The answer must consist solely of the lines below starting at the one containing "Willa oferuje pięć" and ending at the one containing "As seen in Figure", repeated exactly, with both ends included and all pictures omitted.

• Information provided:

══════════════════════════════

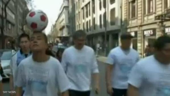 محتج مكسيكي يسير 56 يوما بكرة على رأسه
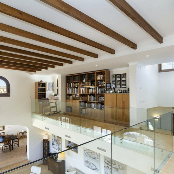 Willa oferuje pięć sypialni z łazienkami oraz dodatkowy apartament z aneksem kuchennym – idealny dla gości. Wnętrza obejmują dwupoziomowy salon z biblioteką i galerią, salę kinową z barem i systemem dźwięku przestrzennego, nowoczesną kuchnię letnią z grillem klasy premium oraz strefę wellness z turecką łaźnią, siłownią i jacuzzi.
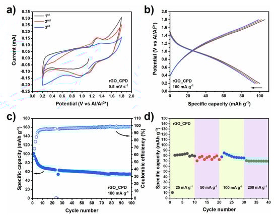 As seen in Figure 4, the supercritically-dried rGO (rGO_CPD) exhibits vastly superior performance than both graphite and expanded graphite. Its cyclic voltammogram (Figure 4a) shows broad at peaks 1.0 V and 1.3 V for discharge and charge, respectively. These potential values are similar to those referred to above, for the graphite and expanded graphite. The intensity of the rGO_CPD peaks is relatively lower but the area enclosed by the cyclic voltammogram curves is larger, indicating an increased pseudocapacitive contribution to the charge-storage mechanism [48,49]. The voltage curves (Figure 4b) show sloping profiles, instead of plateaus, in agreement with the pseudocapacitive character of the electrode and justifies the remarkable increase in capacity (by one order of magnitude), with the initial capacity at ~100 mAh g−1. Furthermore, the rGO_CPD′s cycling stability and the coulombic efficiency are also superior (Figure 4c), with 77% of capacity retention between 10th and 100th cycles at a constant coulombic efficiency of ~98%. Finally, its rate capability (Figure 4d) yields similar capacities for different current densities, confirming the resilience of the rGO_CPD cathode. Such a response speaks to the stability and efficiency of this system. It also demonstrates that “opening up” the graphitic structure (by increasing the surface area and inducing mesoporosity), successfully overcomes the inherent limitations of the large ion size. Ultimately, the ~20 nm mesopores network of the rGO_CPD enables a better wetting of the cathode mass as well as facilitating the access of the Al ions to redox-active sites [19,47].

══════════════════════════════

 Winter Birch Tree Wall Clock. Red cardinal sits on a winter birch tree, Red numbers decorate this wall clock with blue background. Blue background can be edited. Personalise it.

══════════════════════════════

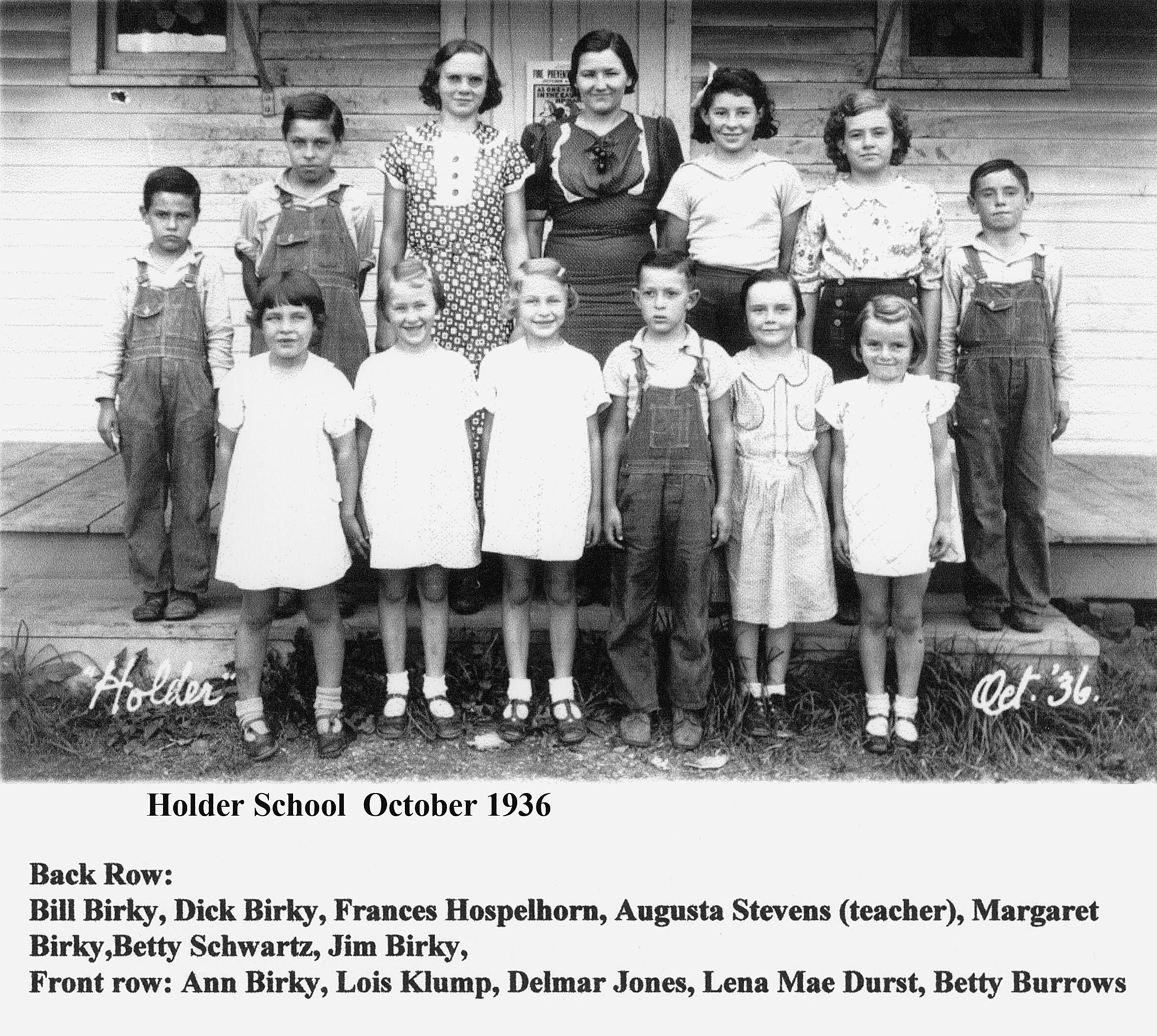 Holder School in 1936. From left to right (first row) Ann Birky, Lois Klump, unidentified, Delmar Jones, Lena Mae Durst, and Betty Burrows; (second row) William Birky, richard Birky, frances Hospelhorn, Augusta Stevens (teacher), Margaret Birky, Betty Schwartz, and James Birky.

══════════════════════════════

• Response below:
 Willa oferuje pięć sypialni z łazienkami oraz dodatkowy apartament z aneksem kuchennym – idealny dla gości. Wnętrza obejmują dwupoziomowy salon z biblioteką i galerią, salę kinową z barem i systemem dźwięku przestrzennego, nowoczesną kuchnię letnią z grillem klasy premium oraz strefę wellness z turecką łaźnią, siłownią i jacuzzi.
 As seen in Figure 4, the supercritically-dried rGO (rGO_CPD) exhibits vastly superior performance than both graphite and expanded graphite. Its cyclic voltammogram (Figure 4a) shows broad at peaks 1.0 V and 1.3 V for discharge and charge, respectively. These potential values are similar to those referred to above, for the graphite and expanded graphite. The intensity of the rGO_CPD peaks is relatively lower but the area enclosed by the cyclic voltammogram curves is larger, indicating an increased pseudocapacitive contribution to the charge-storage mechanism [48,49]. The voltage curves (Figure 4b) show sloping profiles, instead of plateaus, in agreement with the pseudocapacitive character of the electrode and justifies the remarkable increase in capacity (by one order of magnitude), with the initial capacity at ~100 mAh g−1. Furthermore, the rGO_CPD′s cycling stability and the coulombic efficiency are also superior (Figure 4c), with 77% of capacity retention between 10th and 100th cycles at a constant coulombic efficiency of ~98%. Finally, its rate capability (Figure 4d) yields similar capacities for different current densities, confirming the resilience of the rGO_CPD cathode. Such a response speaks to the stability and efficiency of this system. It also demonstrates that “opening up” the graphitic structure (by increasing the surface area and inducing mesoporosity), successfully overcomes the inherent limitations of the large ion size. Ultimately, the ~20 nm mesopores network of the rGO_CPD enables a better wetting of the cathode mass as well as facilitating the access of the Al ions to redox-active sites [19,47].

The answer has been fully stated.